WILLOW, Alaska—Corey Ercolani pulled a northern pike from a gillnet and slit its belly with a knife. Inside its guts lay fresh evidence of a growing biological crime: a dead juvenile salmon. A coho, or silver salmon, to be exact.
A technician with the Alaska Department of Fish and Game, Ercolani had set the net a few hours earlier on a recent June morning. He stretched it across Lake Creek, a lily-padded outflow from Nancy Lake, a popular sportfishing and recreational area near Willow, Alaska.

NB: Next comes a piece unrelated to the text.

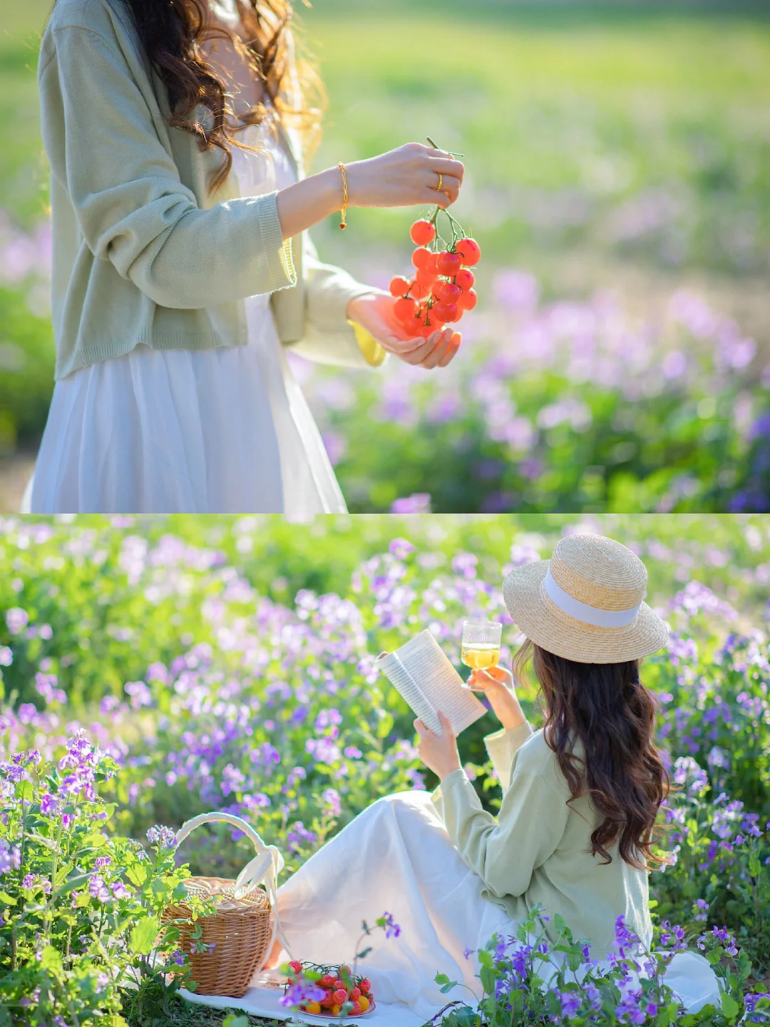 [二R]、拍摄机位的选择,逆光或者侧逆光,能拍出发光的发丝,以及植物透着光的治愈样子。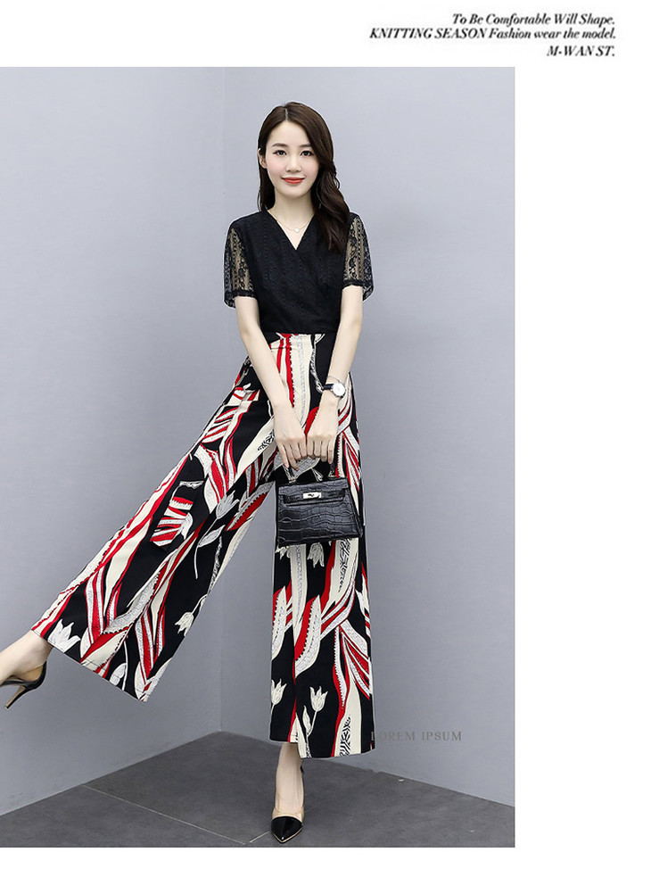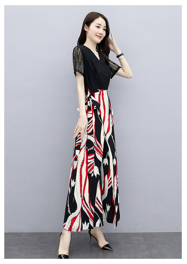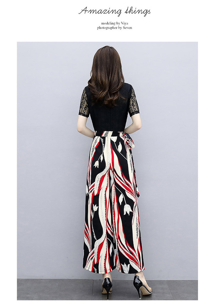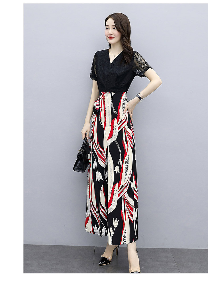 HR-MY2053气质显瘦,高腰垂感拼接雪纺阔腿连体裤

Ercolani and his fellow fish techs spend summer days motoring skiffs through slow-moving, weedy creeks and lakes of the Matanuska-Susitna region of Southcentral Alaska, an hour or so north of Anchorage by car. Their mission is to kill as many northern pike as possible, after documenting their size, age, location and what they’re eating. Increasingly, their menu includes baby salmon and rainbow trout, iconic species prized by Alaskans and anglers from around the state, the Lower 48 and beyond.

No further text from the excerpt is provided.